По обычаю, он приступил к постановке скандала. Мизансцена была довольно проста — он появлялся со двора, со стороны Армянской церкви, поворачивал налево, за угол, доставал камень, который покоился за пазухой, и, размахнувшись — кидал.
Он отрепетировал это несколько раз, провел генеральную репетицию, перебив все окна в своей комнате. Премьера была назначена на пятницу.
Все развивалось хорошо — он двигался плавно и пластично от церкви, он завернул, резко достал камень, размахнулся… и тут окно в Управлении распахнулось и из него высунулась морда той самй дамы, из комиссии.
Менять мизансцену было поздно — камень уже летел. И прямо в лоб даме! Гарик похолодел — он понял, что этот скандал будет чересчур, что он на нем поедет, но в тюрьму.
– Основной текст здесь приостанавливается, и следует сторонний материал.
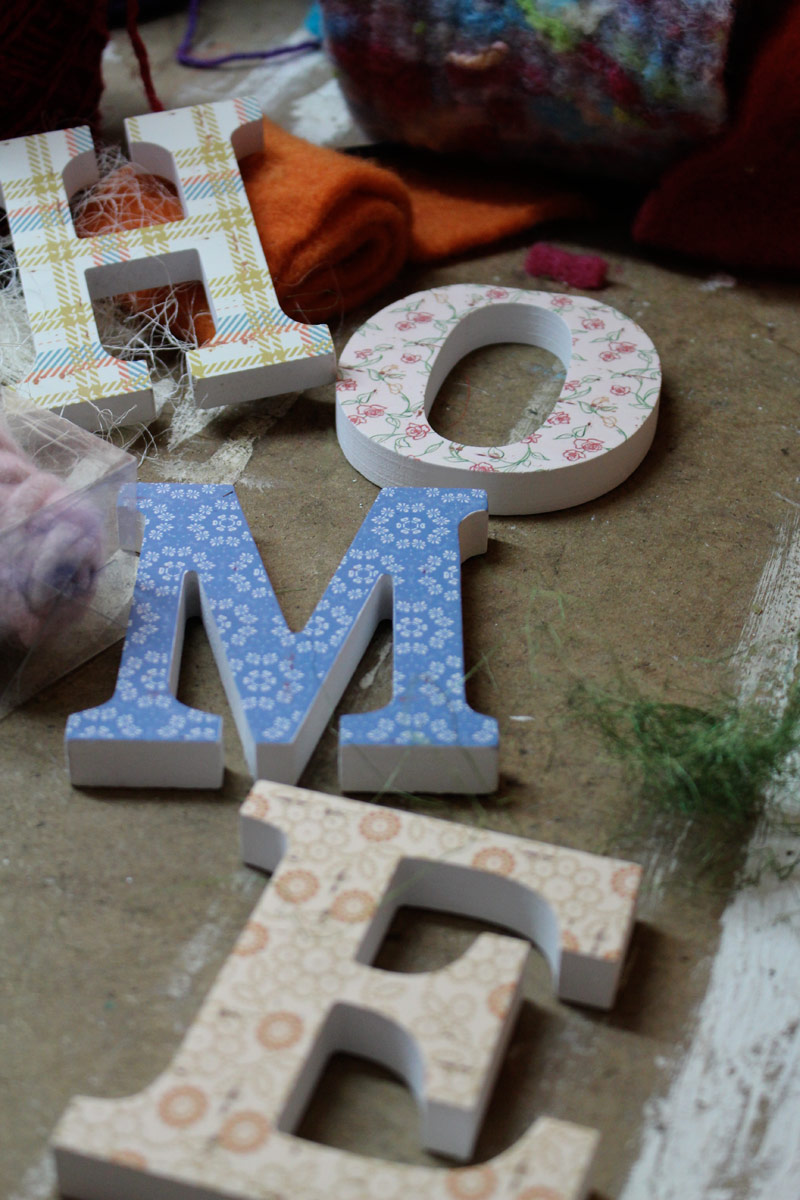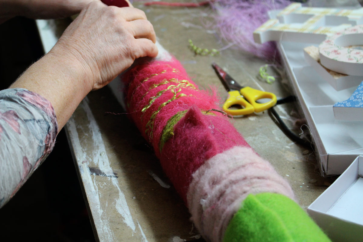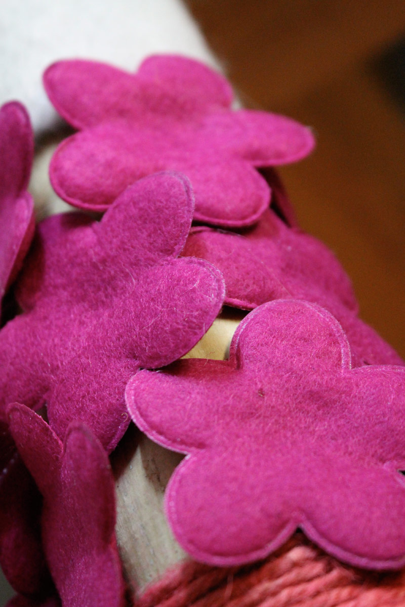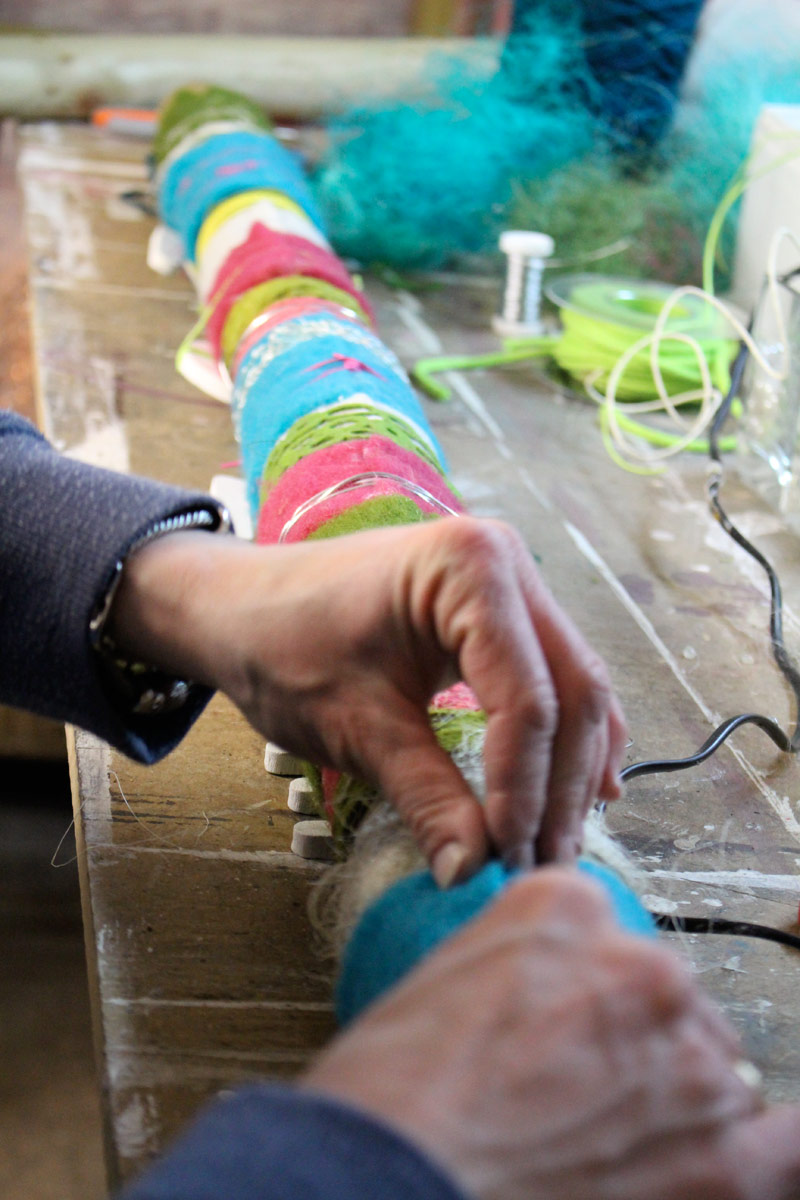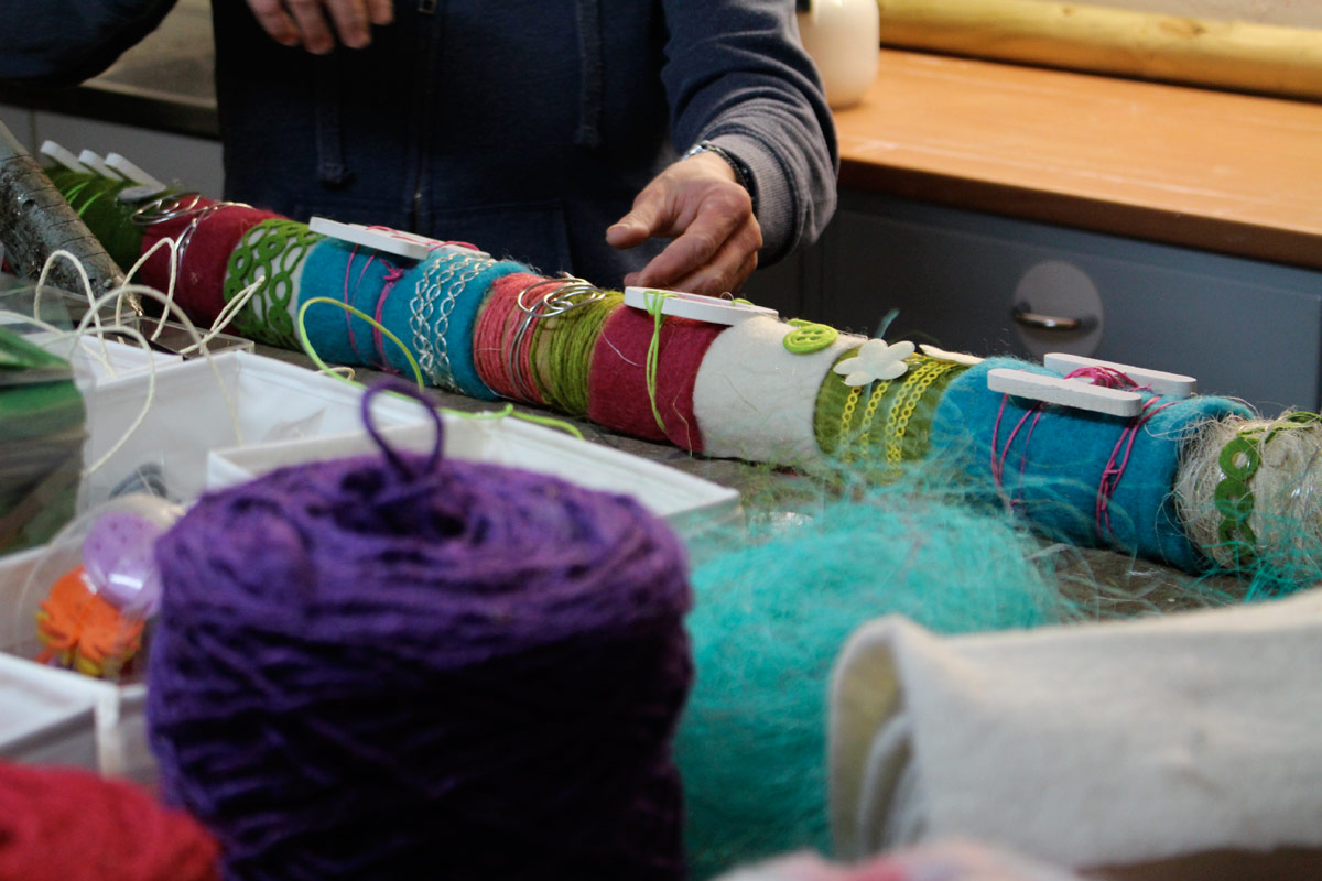 Die Materialien für die Holzstange (ca. 2 m Länge, Durchmesser 6 cm) waren Gimpe, Filz, Bänder, Holz-Blüten, Sisal, Perlen.

Камень попал в центр могучего лба и разлетелся надвое. Дама улыбнулась, с презрением глядя на гения.
— Я не Дездемона, — ехидно заметила она, — со мной не так- то легко справится.
И презрительно сплюнула на гения.
У Гарика от этого плевка дня три болела голова, к тому же его посадили на 15 суток за мелкое хулиганство.
Вышел он похудевший, побритый наголо, с пониманием, что на скандал не способен, примерно так же, как на программирование.
А уезжать как‑то было надо.
Он встретился с Анклом Майком, в Летнем саду, под статуей «Ночь».
— Гуд, — произнес Майк, — ай андестен, на это вы не способны… Гуд, есть третий путь.
— Какой? — поинтересовался Гуревич.
— Как вы относитесь к Франс?
— Обожаю. Там же Жан — Луи Барро, там же Жуве, там…
— То эсть, вы не пройтив жить ин Френс?
— Ничуть…
— Гуд, мы вас, Гурвиц, женим на Клотильд.
— Это еще зачем?
— Вай вы не спрашиваете, кто она?
— Мне все равно, я не хочу жениться.
— Но вы хотите во Франс. На скандале ви уехать не мойжете, вы уедете на Клотильд. Красотой она не блещет, умом, предупреждаю, тоже, вообще она, напоминаю, не блещет ничем, но она френч герл, живет наискосок от Нотр — Дама и в восхищении от вас.
— Разве мы знакомы?
— Заочно, она не пропускала ваших премьер. Она вас обожает. Если ви не против — можно считать, что вы уже женаты.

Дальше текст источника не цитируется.